One can imagine using the Bayesian approach to model what kinds of messages a speaker might intend—messages about the entities, the events, or the discourse itself—and what kinds of referential forms would be used (see Brown-Schmidt et al., 2005, Kaiser et al., 2009, for contrasts between him/himself and it/that). Under a generative model, a comprehender who encounters the pronoun it in (23) must consider whether the speaker would have been more likely to reference one of the entities (the dog, the bowl, the cat), one of the events (the dog-falling event), or the sequence of events (the disastrous trip+fall+splash) and what forms would have been used in each case (‘the dog’, ‘it’, ‘Fido’, ‘the fall’, ‘the scene’, etc.). In addition, she may consider the possible ambiguity of the resulting expression. See Davies and Arnold’s Chapter 28 (in this volume) on trade-offs between informativity and ambiguity in the choice of referring expression more broadly.

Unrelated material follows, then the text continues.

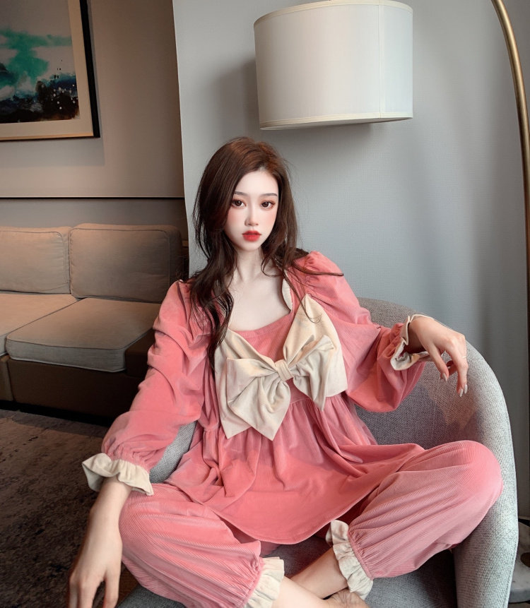实拍实价~丝绒甜美立体蝴蝶结可爱长袖睡衣洋气家居服套装

Not only is this an opportunity to reassess pronoun use in English, but the Bayesian approach may also provide a framework for thinking about the referential system in other languages. In some languages, a human referent may be mentioned again with, say, a pronoun or a demonstrative, or a null or overt pronoun. Existing work in this area has pointed to a division of labour between particular referential forms and the antecedents they are compatible with (e.g. Carminati’s (2002) Position of Antecedent Hypothesis), but the kinds of tasks that are used often conflate preferences for who gets mentioned and how. It may also be worth considering how second language learners master these two dimensions of reference in a non-native language, and whether success at estimating who will be mentioned is distinct from understanding what form is most appropriate (see Grüter et al., 2017).
Lastly, the approach advocated here situates pronouns within one of the leading frameworks for thinking about language production and interpretation. Generative models have been applied to a number of pragmatic phenomena (Frank & Goodman, 2012; Goodman & Lassiter, 2015; Franke & Jäger, 2016), and this chapter makes the case that generative models can also clarify our understanding of pronouns. If you’re new to generative models, then pronouns may provide a convenient case study for seeing the explanatory power of such models and the role of experimentation in testing such models.

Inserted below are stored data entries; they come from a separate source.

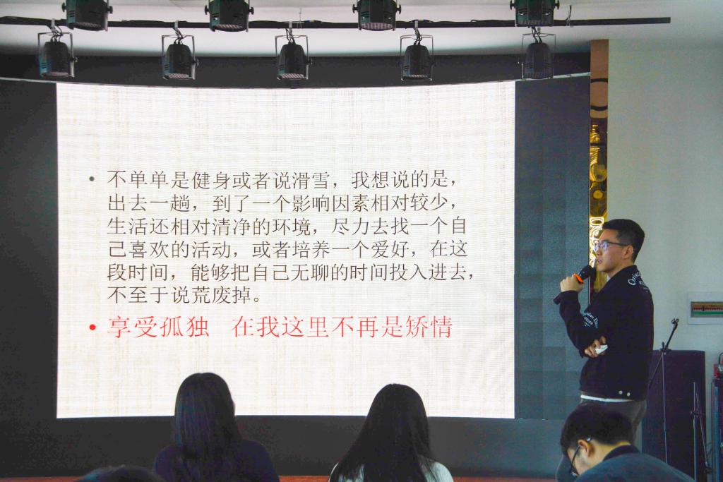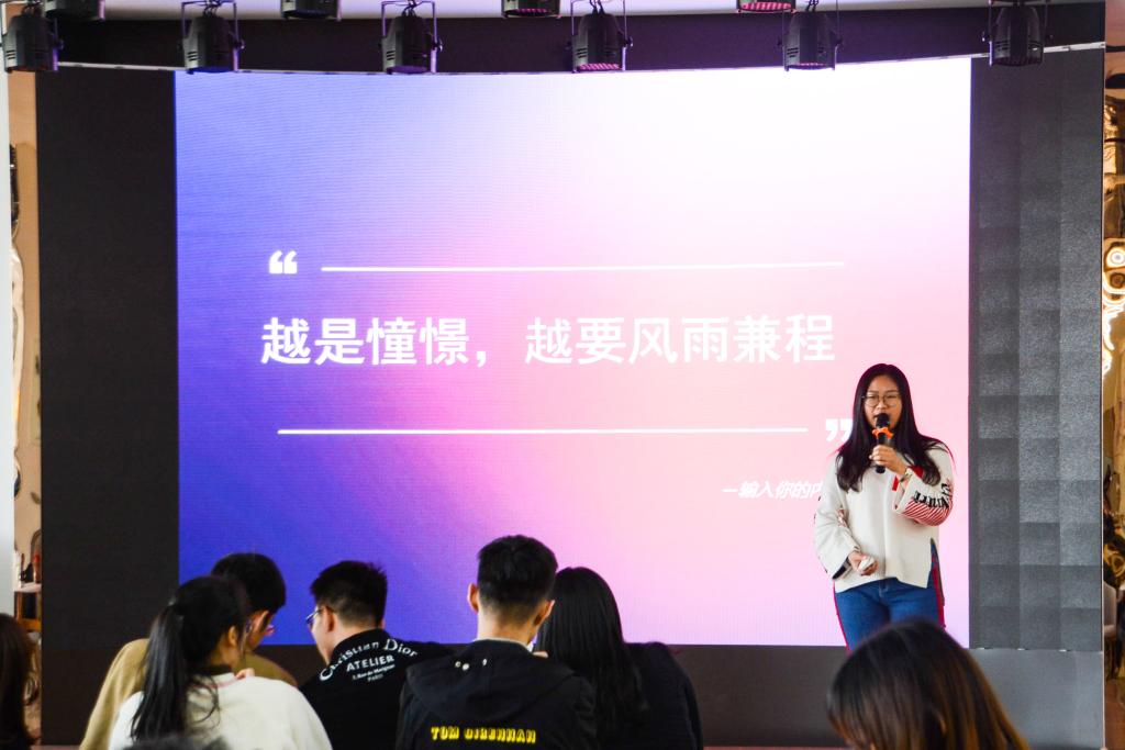 活动开始,在俄罗斯普列汉诺夫经济大学留学的宋玉丹、马芊芊先后上台发言。从在莫斯科的第一餐,到丰富的课余生活,再到课程的学习,宋玉丹与同学们分享了许多有趣的经历和遇到的挑战,让同学们对国外的生活、学习等方面有了更为深入的了解。马芊芊向同学们讲述了成为交换生的必要流程,并介绍了普列汉诺夫经济大学的专属特色。除此之外,她还将自己在国外的生活环境、与世界各地朋友相处的心得以及遇到的困难跟大家进行分享,使同学们进一步了解留学生活的丰富多彩。马芊芊用“越是憧憬,越要风雨兼程”来勉励同学们刻苦学习。
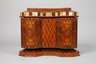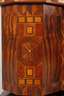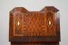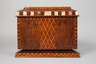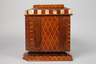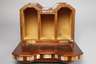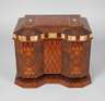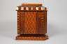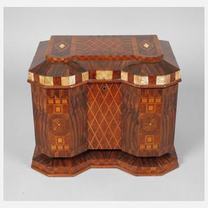 um 1920, handschriftlicher Besitzername G. Cristal, polygonal facettierter Korpus, überaus aufwendig in Nussbaumwurzel und-maser, Vogelaugenahorn, Birke, Mahagoni und Perlmutt intarsiert, die Front mit Eckrisaliten, die Wandung umlaufend von Gitterwerk und Schachbrettmustern verziert, der schwere scharnierte Deckel dieser in korrespondierendem Dekor sowie eingelegten Rauten, Messingmontierungen, dreigeteiltes Innenleben, originaler Schlüssel, Altersspuren und minimalste Furnierverluste, Maße 29 x 26 x 35 cm.
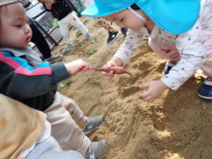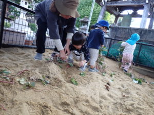 芋掘りごっこをしました! うんとこしょ どっこいしょ♪
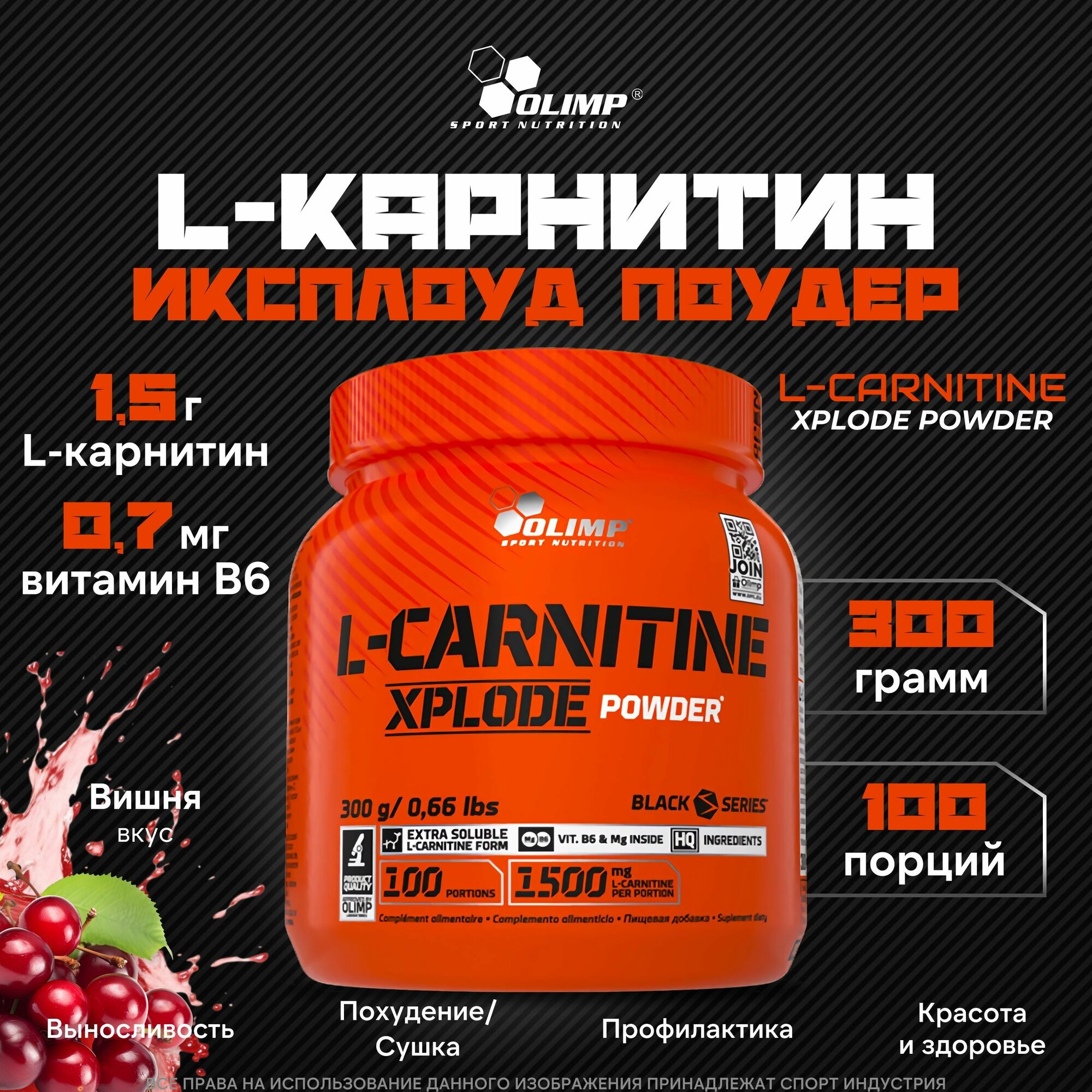 вишня Olimp L-Carnitine Xplode Powder (Л-Карнитин в Порошке) 300 г (Olimp)

The perspectives taken in this chapter reflect my PhD training with Andrew Kehler and our ongoing collaborations. I also am grateful to Jeff Elman for asking me ‘Why pronouns?’ nearly a decade ago. I thank the participants at the Anaphora & Coherence workshop at the 2016 North American Summer School on Logic, Language, and Information (NASSLLI) at Rutgers University for their input on this material and their invitation to consider some particularly tricky examples. This chapter was written with support from a Prize in Languages & Literatures to the author from the Leverhulme Trust.

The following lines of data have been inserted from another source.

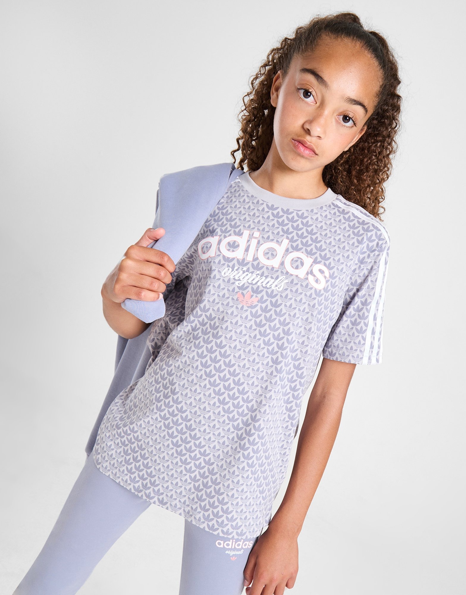 adidas Originals Girls Varsity All Over Print T Shirt Junior in Grigio JD Sports Very well made.
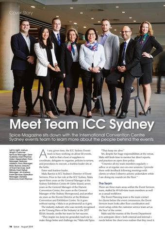 Meet Team ICC Sydney Spice Magazine sits down with the International Convention Centre Sydney events team to learn more about the people behind the events Left to right: Joshua Wright, Customer Services Manager; Dewi Gutierrez, Event Planner; Aiden Hippensteel, Floor Manager; Barbara Addison, Floor Manager; Malu Barrios, Director of Event Services; Zsolt Mihaly, Event Setup Manager; Jim Kadwa, Event Services Operation Manager; Daniela Koborova, Event Planner.
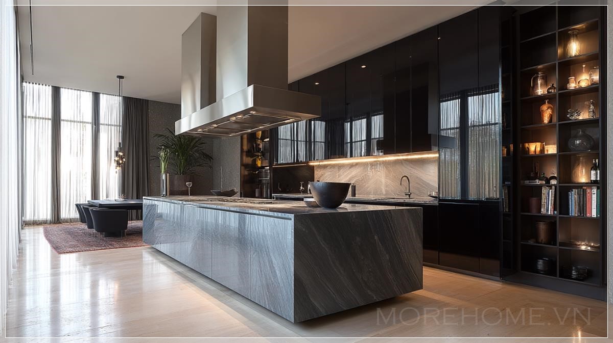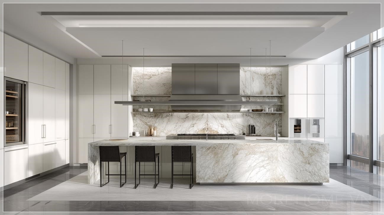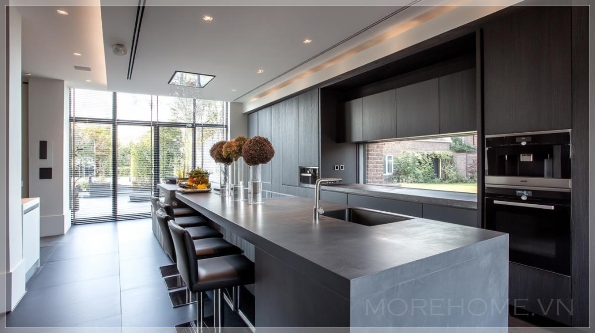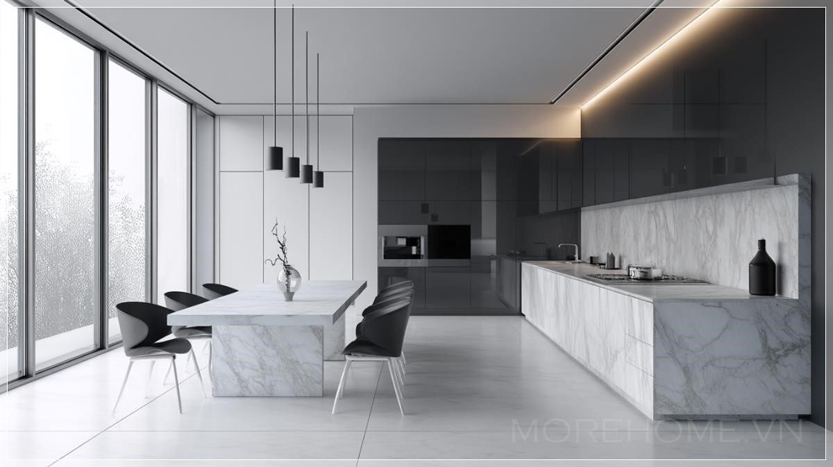 Bếp tối giản, chất lượng cao cấp, thiết kế hiện đại với các đường nét sạch sẽ và tối giản. Bề mặt bếp sử dụng vật liệu cao cấp như đá quartz và thép không gỉ, tạo nên không gian sang trọng và tinh tế. Các tủ bếp không tay cầm với thiết kế gọn gàng, tạo sự thông thoáng và thoải mái. Ánh sáng tự nhiên ngập tràn qua các cửa sổ lớn, kết hợp với ánh sáng từ đèn treo tạo ra bầu không khí ấm cúng và hiện đại. Tất cả chi tiết được chọn lựa tỉ mỉ để mang đến một không gian bếp đẳng cấp, hoàn hảo cho những người yêu thích sự tối giản và sang trọng.
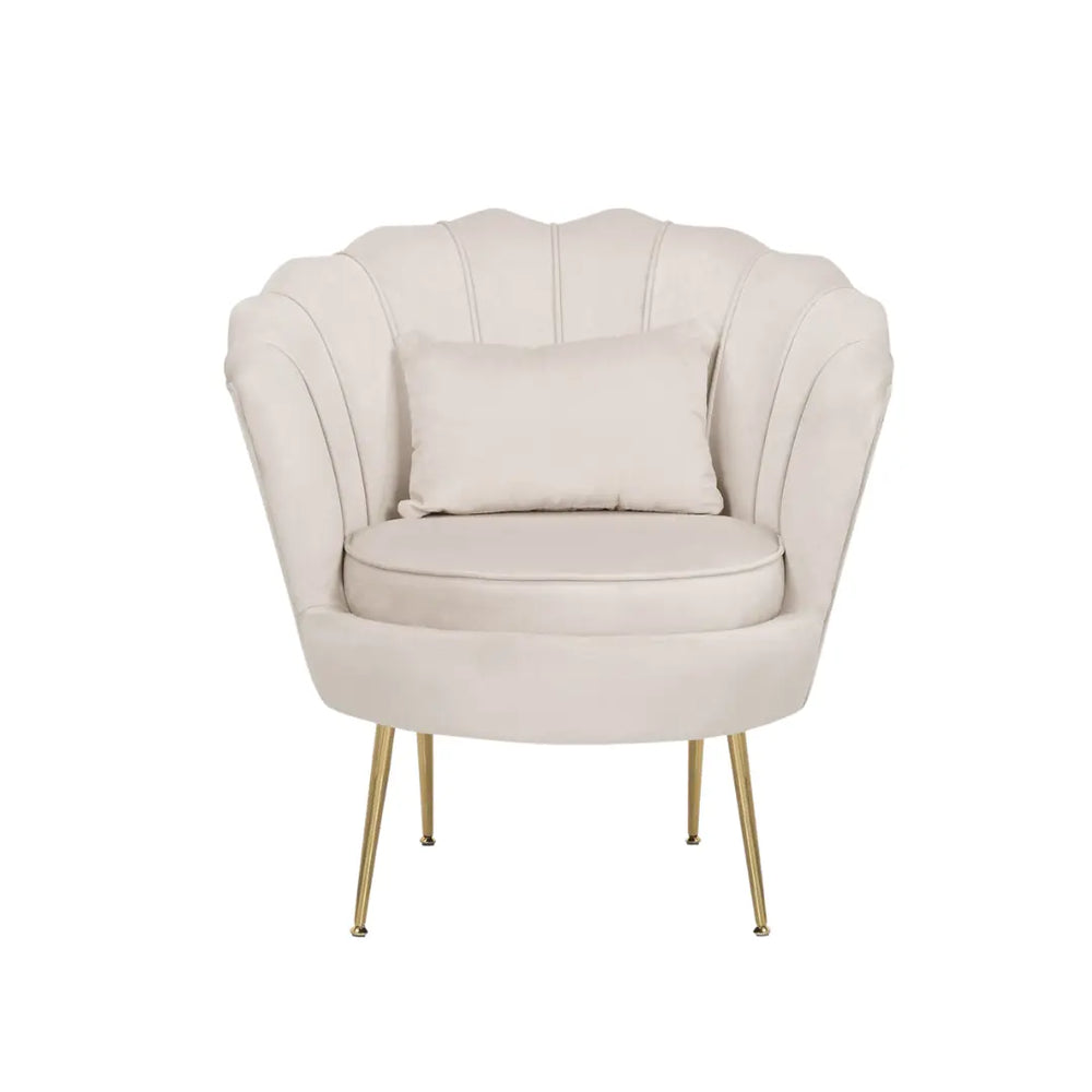 Upgrade your living room decor with our Roma Flower Accent Chair. The premium velvet fabric in a solid hue seamlessly blends with any color scheme, while the vertical channel tufting on the back adds charming detail. This classic and contemporary barrel chair is made with a sturdy solid and manufactured wood frame, filled with high-density foam for exceptional comfort and support. The slender golden metal legs provide a modern touch, while the scalloped seashell edges give a touch of elegance to this timeless piece. Whether you're looking to create a conversation area or a cohesive seating arrangement, this set of two chairs is ideal for any space including living rooms, offices, bedrooms, and more.

1 The focus in this chapter will be further restricted to work conducted on English third person singular pronouns. Work on other pronominal forms (null pronouns, demonstratives) has been pursued for other languages with different pronominal systems. Indeed, pronouns can be used in varied and surprising ways (e.g. they in contexts without a readily available plural antecedent, abstract event-referring this, etc.), but the third person pronouns he/she will be sufficient to get us started. In section 27.5 we return briefly to these issues.
2 Other terms for the most prominent referent include salient, accessible, activated, in focus, the centre of attention, etc. All are associated with the same assumption that pronoun production and interpretation are mirror images of each other.
3 Election outcomes reflect the 30 June 2016 estimates from http://projects.fivethirtyeight.com/2016-election-forecast/.
4 The symbol ∽ indicates that the probability on the left side of the formula is proportional to the value computed on the right side. For the exact value, the right side would include a denominator summing over the numerator for all messages.